Prove that: $\dfrac{\cos 8{}^\circ -\sin 8{}^\circ }{\cos 8{}^\circ +\sin 8{}^\circ }=\tan 37{}^\circ$

Answer 1

Hint: We will first start by dividing the numerator and denominator by $\cos 8{}^\circ$. Then, we will use the trigonometric identity that $\tan \left( A-B \right)=\dfrac{\tan A-\tan B}{1+\tan A\tan B}$ to prove the given result.

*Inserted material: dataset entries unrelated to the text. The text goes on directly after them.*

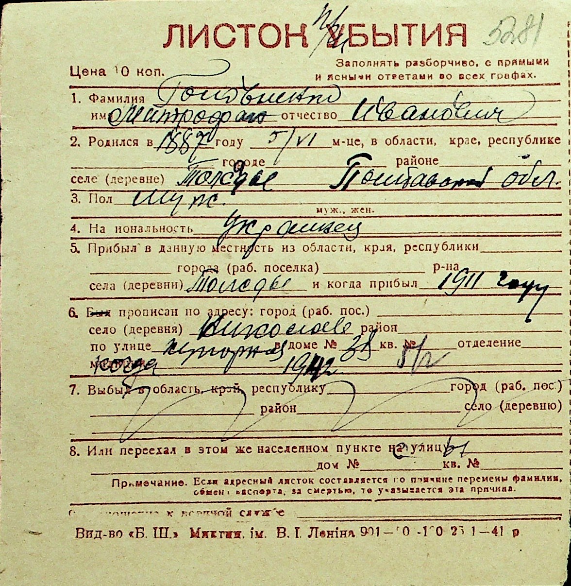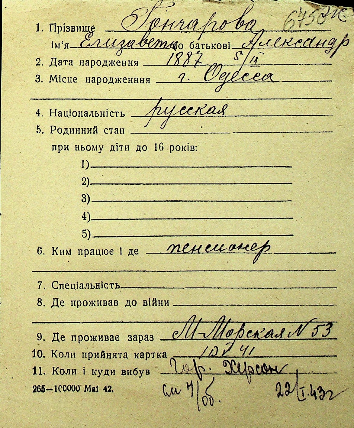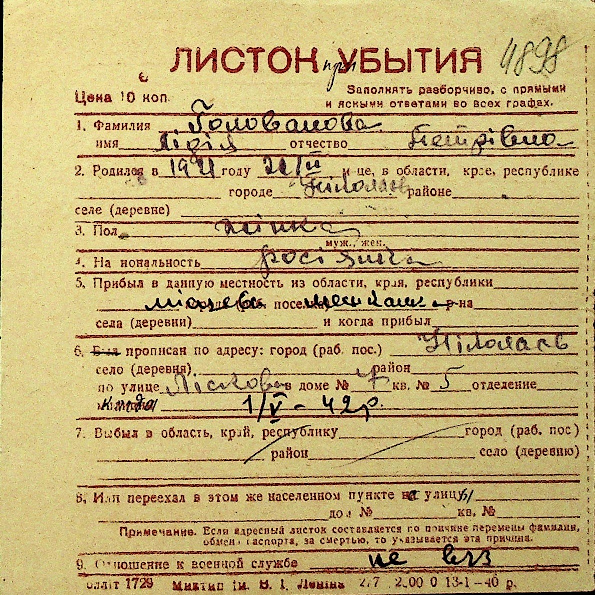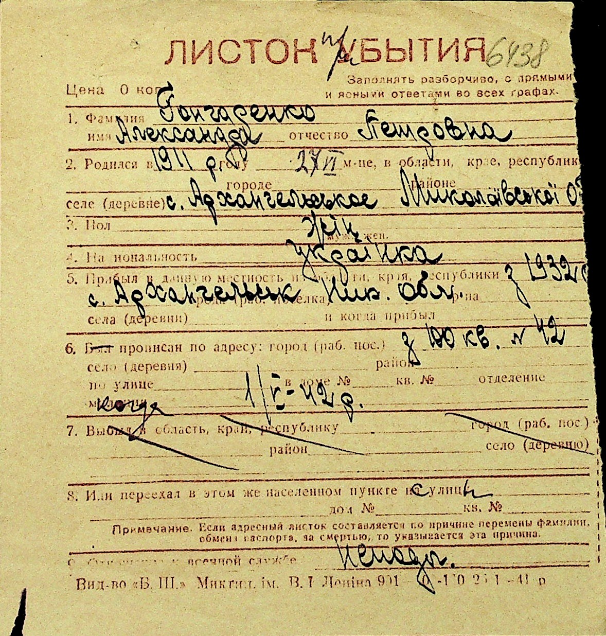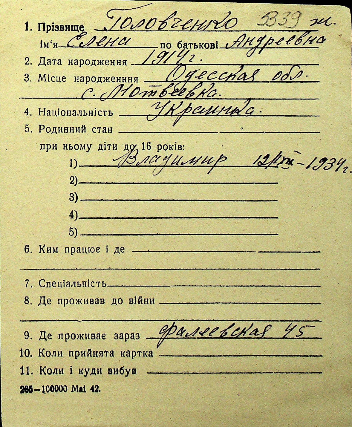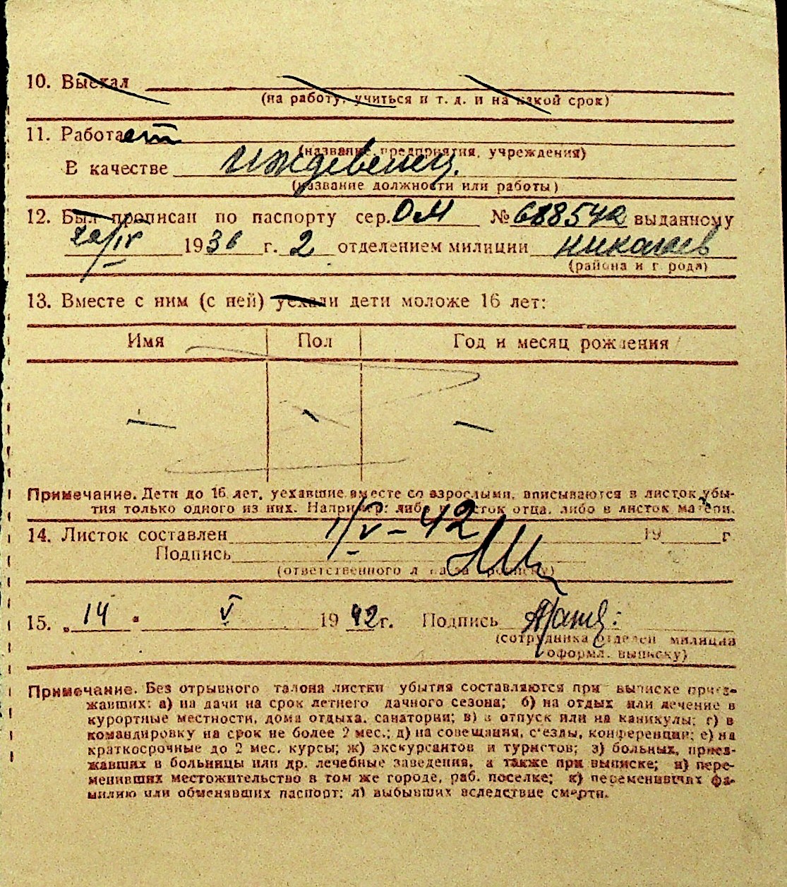 • • Перелік карток до фонду № Н-1016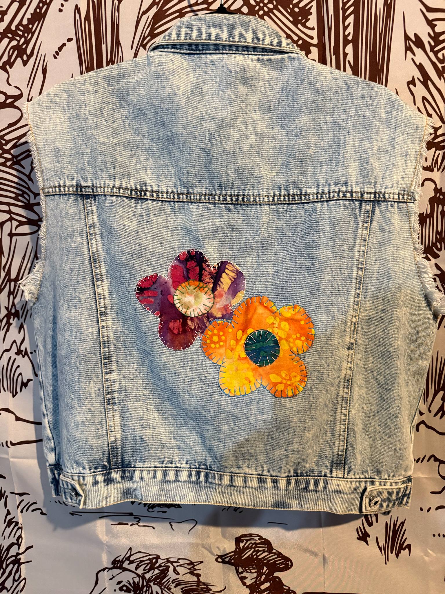 The Retro Flower Power Vest from the Cindy Owen "Defined Denim" Collection is made for bold spirits and boho souls. This one-of-a-kind XXL denim vest features hand-appliquéd vintage-inspired flowers in bright, punchy hues—front and back. With frayed armholes, sturdy button closures, and a light acid-wash finish, this vest is as timeless as it is unique. Throw it over a sundress, tee, or tank and let your wildflower side bloom.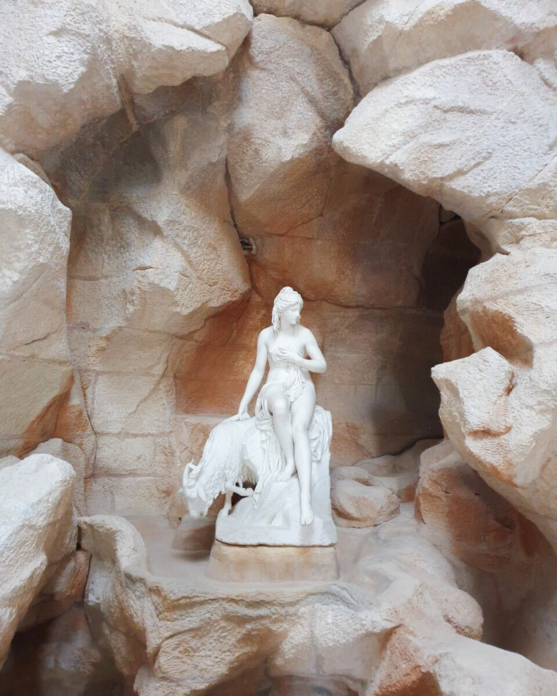 Hoping to win over the Queen and entice her to visit Rambouillet more often, Louis XVI secretly commissioned the construction of a luxurious laiterie d’agrément (a dairy designed for enjoying dairy products), which was unveiled to Marie-Antoinette and the court in 1787. The pavilion was built in the style of an ancient temple. The first room, shaped like a rotunda and crowned with a coffered dome ceiling, served as the space for tasting dairy products. Beyond a doorway lay the second room, known as the “cooling room,” where monumental rocks formed a grotto. In this grotto was placed Pierre Julien’s sculpture, Amalthea and the Goat of Jupiter. While strolling through the Rambouillet forest, you can easily envision the Queen and her dames de compagnie gracefully wandering amidst the serene beauty of the landscape.

Complete step-by-step answer:
Now, we have to prove that $\dfrac{\cos 8{}^\circ -\sin 8{}^\circ }{\cos 8{}^\circ +\sin 8{}^\circ }=\tan 37{}^\circ$.
Now, we will take LHS given to us as,
$\dfrac{\cos 8{}^\circ -\sin 8{}^\circ }{\cos 8{}^\circ +\sin 8{}^\circ }$
Now, we divide the both numerator and denominator with $\cos 8{}^\circ$. So, we have,
$\Rightarrow \dfrac{\dfrac{\cos 8{}^\circ -\sin 8{}^\circ }{\cos 8{}^\circ }}{\dfrac{\cos 8{}^\circ +\sin 8{}^\circ }{\cos 8{}^\circ }}$
Now, we know that $\dfrac{\sin A}{\cos A}=\tan A$
$\Rightarrow \dfrac{1-\tan 8{}^\circ }{1+\tan 8{}^\circ }$
Now, we know that $1=\tan 45{}^\circ$
$\Rightarrow \dfrac{\tan 45{}^\circ -\tan 8{}^\circ }{1+\tan 45{}^\circ \times \tan 8{}^\circ }$
Now, we know that $\dfrac{\tan A-\tan B}{1+\tan A\tan B}=\tan \left( A-B \right)$
$\begin{aligned} & \Rightarrow \tan \left( 45{}^\circ -8{}^\circ \right) \\\ & =\tan 37{}^\circ \\\ \end{aligned}$
Since, we have LHS = RHS.
Hence Proved.

Note: It is important to note that how we have used the fact that $\tan \left( A-B \right)=\dfrac{\tan A-\tan B}{1+\tan A\tan B}$ to convert the expression $\dfrac{1-\tan 8{}^\circ }{1+\tan 8{}^\circ }$ to $\dfrac{\tan 45{}^\circ -\tan 8{}^\circ }{1+\tan 45{}^\circ \times \tan 8{}^\circ }$. Also, in this conversion we have deliberately left the 1 in denominator unchanged. So, that the formula can be applied successfully.